Overview

In this assignment, you will write a “data biography” (I borrow this term from Heather Krause) in which you investigate both the origins and contents of a historical dataset that I have selected for you. Your data biography will conduct a close analysis of the dataset and how it was produced in roughly 1,000 words.

Goals

  • Understand the historical, social, and cultural contexts of data creation
  • Develop skills in exploring tabular datasets in Python
  • Practice how to effectively write and communicate about data

Technical Requirements

  • Written in a Jupyter Notebook file
  • Uses Markdown cells for written analysis (approximately 1,000 words)
  • Uses Python code cells to open the dataset and illustrate some of its contents for the reader
  • Incorporates visual images (screenshot, photograph, etc.) into your written analysis
  • Final version rendered as a page on your Github Pages portfolio site

Instructions

The Dataset

This is the dataset you will be examining. Note: you can find a CSV version of the dataset available under the data-biography folder in our sp25-class-materials repository. I am not providing you with any additional information about the dataset beyond the above link. You will need to put on your detective hats and try to familiarize yourself with the dataset and its history.

Analyis and Writing

  • Take as many notes as you can to answer the following questions about the dataset:
    • Who collected, processed, and made this information available?
    • Where and when was this information collected, processed, and made available?
    • How was this information collected, processed, and made available?
    • Why was this information collected, processed, and made available?
    • How is this data stored today? How did you access it?
    • What kind of data is it? What information does it contain?
    • What are the limitations or weaknesses of the dataset? What is missing?
    • What social, cultural, or political contexts should a user keep in mind while using the dataset?
  • Look over your notes and come up with an outline for your data biography. It needs to include a mix of written analysis, Python code cells that explore the contents of the data, and visual images illustrating some of your points.
  • You will write your data biography in a Jupyter Notebook file. This will allow you to weave together your written analysis inside Markdown cells along with using Python code cells and images.
  • Once your assignment is finalized and ready for submission, you will then create a second version of the file that renders your notebook as a page on your Github Pages portfolio site.

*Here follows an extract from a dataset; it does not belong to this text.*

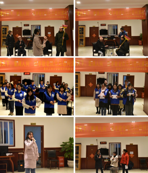 主持人王显东和袁涵钰幽默风趣的台词拉开了活动的序幕。在一个多小时的表演中志愿者们相继为老人们带来了《外婆的澎湖湾》、小品《看病》、相声《三大才子》、手语操《感恩的心》等七个节目。其中,王颖等同学由经典版本改编的小品《西游囧途》更是为现场增添了欢声笑语。志愿者们唱出了激情,舞出了快乐,为平日宁静略显单调的养老院增添了许多欢快喜庆色彩,也不时博得在场老人和敬老院职工的阵阵热烈掌声,嘹亮的歌声、精美的舞蹈将浓浓的敬老情注入到每个老人的心田。节目表演在组织部带来的大合唱《红歌王》中落下帷幕,脍炙人口的红歌引起了老人对往昔峥嵘岁月的回忆,更是引起一些老人轻声应和。活动尾声,志愿者们组织老人参加了“套圈夺宝”的游戏,让老人们喜笑颜开。活动结束,送别志愿者们的,是老人们紧紧握住不愿松开的手和殷切的叮咛,不舍的眼神,是他们一再的询问:“孩子啊,你们啥时候再来看我们呢?”

⚠️ ⚠️ ⚠️ Follow these instructions when you are ready to start writing. This will teach you how do things like insert images into your Jupyter Notebook file and render it as a page on Github Pages.

Tips

  • Don’t assume your reader has any existing knowledge about the dataset. You’ll need to offer an introduction and overview of the dataset before diving into more detail.
  • You will need to address the multiple stages through which this information has passed to get to its current state as machine-readable data. So, for example: in answering the question “Who collected, processed, and made it available?” you need to include both the original historical actors who collected the information and the subsequent people who turned that information into a computational dataset.
  • Review your readings from Data Feminism for inspiration, including concepts like:
    • Raw vs. cooked data
    • All knowledge is situated
    • What gets counted counts
    • Rethink binaries and heirarchies

Submission

Make two submissions on the Canvas assignment page:

  1. Website URL: a link to your data biography’s page on your Github Pages site
  2. File upload: Upload your original Jupyter Notebook .ipynb file.